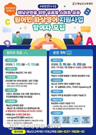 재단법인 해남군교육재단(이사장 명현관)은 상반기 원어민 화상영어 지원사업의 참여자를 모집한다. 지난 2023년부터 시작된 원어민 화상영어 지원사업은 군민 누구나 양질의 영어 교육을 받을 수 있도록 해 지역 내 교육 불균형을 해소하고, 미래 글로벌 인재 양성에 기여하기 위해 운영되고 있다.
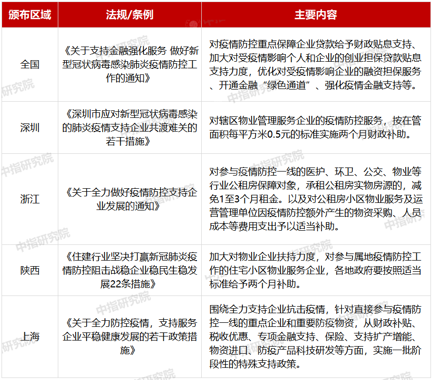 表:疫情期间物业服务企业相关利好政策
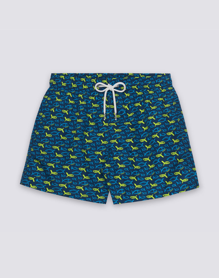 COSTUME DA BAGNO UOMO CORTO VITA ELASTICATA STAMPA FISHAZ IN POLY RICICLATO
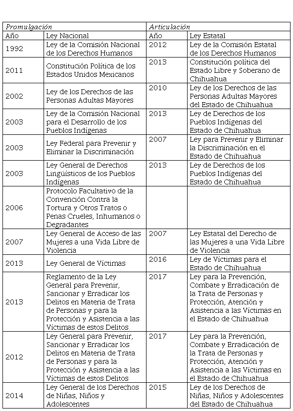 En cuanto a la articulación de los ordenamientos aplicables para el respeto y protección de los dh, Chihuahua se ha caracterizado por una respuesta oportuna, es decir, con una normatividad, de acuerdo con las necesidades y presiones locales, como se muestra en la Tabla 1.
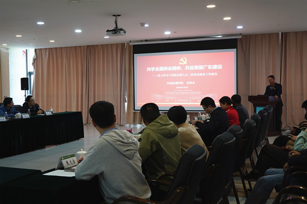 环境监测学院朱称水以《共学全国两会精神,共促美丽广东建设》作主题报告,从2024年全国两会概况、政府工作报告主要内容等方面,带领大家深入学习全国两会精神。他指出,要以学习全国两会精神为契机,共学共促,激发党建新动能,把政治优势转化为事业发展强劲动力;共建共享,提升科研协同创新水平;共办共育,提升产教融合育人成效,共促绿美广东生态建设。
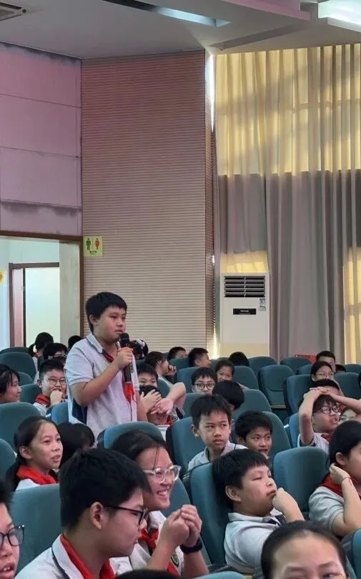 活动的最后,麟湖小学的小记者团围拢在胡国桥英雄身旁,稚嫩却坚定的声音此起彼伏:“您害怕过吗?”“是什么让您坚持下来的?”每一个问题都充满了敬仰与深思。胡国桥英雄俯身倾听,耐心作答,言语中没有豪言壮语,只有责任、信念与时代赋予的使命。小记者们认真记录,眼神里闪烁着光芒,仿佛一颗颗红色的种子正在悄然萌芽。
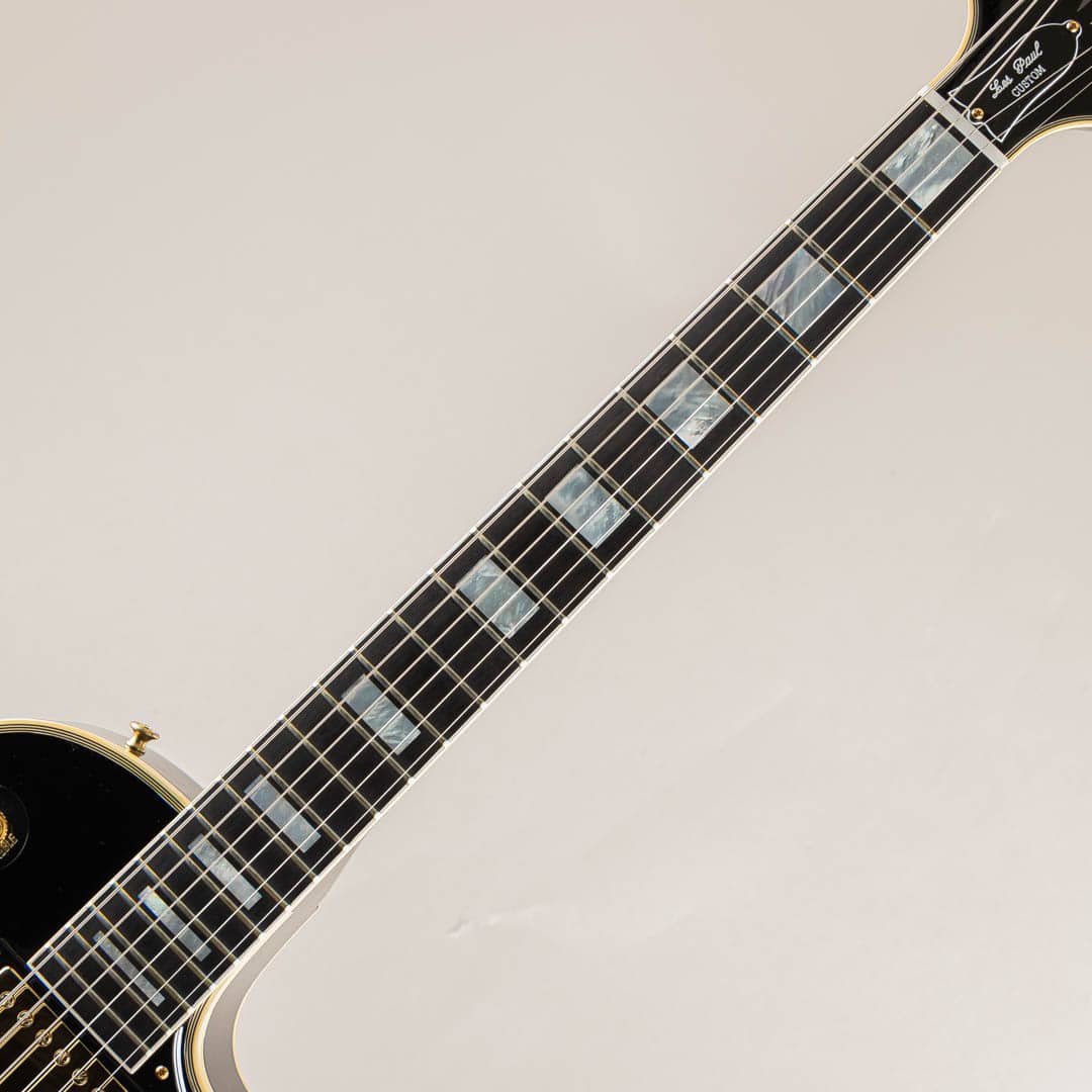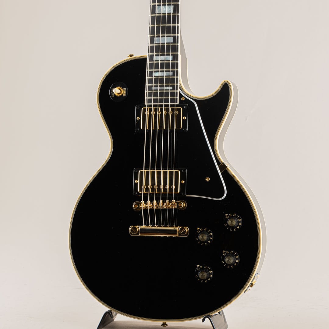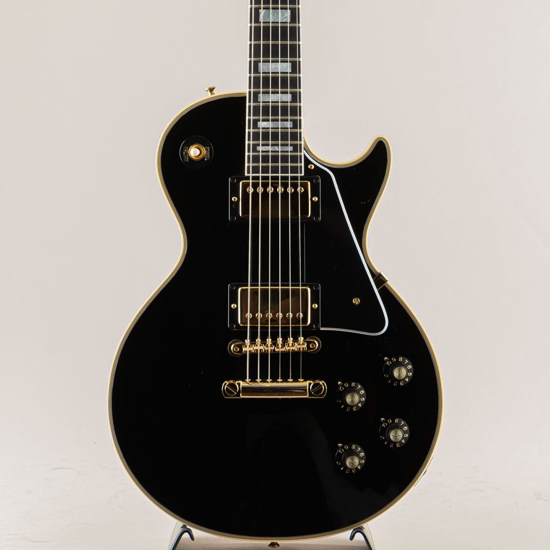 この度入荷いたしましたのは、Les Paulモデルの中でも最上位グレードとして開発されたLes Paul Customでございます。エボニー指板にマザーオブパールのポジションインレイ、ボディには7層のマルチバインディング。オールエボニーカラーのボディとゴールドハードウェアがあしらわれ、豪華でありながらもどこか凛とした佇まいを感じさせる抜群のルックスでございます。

____

▶ [Work request]: Reproduce all the entries above exactly. Include no images.

▶ [Reply]:
 재단법인 해남군교육재단(이사장 명현관)은 상반기 원어민 화상영어 지원사업의 참여자를 모집한다. 지난 2023년부터 시작된 원어민 화상영어 지원사업은 군민 누구나 양질의 영어 교육을 받을 수 있도록 해 지역 내 교육 불균형을 해소하고, 미래 글로벌 인재 양성에 기여하기 위해 운영되고 있다.
 表:疫情期间物业服务企业相关利好政策
 COSTUME DA BAGNO UOMO CORTO VITA ELASTICATA STAMPA FISHAZ IN POLY RICICLATO
 En cuanto a la articulación de los ordenamientos aplicables para el respeto y protección de los dh, Chihuahua se ha caracterizado por una respuesta oportuna, es decir, con una normatividad, de acuerdo con las necesidades y presiones locales, como se muestra en la Tabla 1.
 环境监测学院朱称水以《共学全国两会精神,共促美丽广东建设》作主题报告,从2024年全国两会概况、政府工作报告主要内容等方面,带领大家深入学习全国两会精神。他指出,要以学习全国两会精神为契机,共学共促,激发党建新动能,把政治优势转化为事业发展强劲动力;共建共享,提升科研协同创新水平;共办共育,提升产教融合育人成效,共促绿美广东生态建设。
 活动的最后,麟湖小学的小记者团围拢在胡国桥英雄身旁,稚嫩却坚定的声音此起彼伏:“您害怕过吗?”“是什么让您坚持下来的?”每一个问题都充满了敬仰与深思。胡国桥英雄俯身倾听,耐心作答,言语中没有豪言壮语,只有责任、信念与时代赋予的使命。小记者们认真记录,眼神里闪烁着光芒,仿佛一颗颗红色的种子正在悄然萌芽。
 この度入荷いたしましたのは、Les Paulモデルの中でも最上位グレードとして開発されたLes Paul Customでございます。エボニー指板にマザーオブパールのポジションインレイ、ボディには7層のマルチバインディング。オールエボニーカラーのボディとゴールドハードウェアがあしらわれ、豪華でありながらもどこか凛とした佇まいを感じさせる抜群のルックスでございます。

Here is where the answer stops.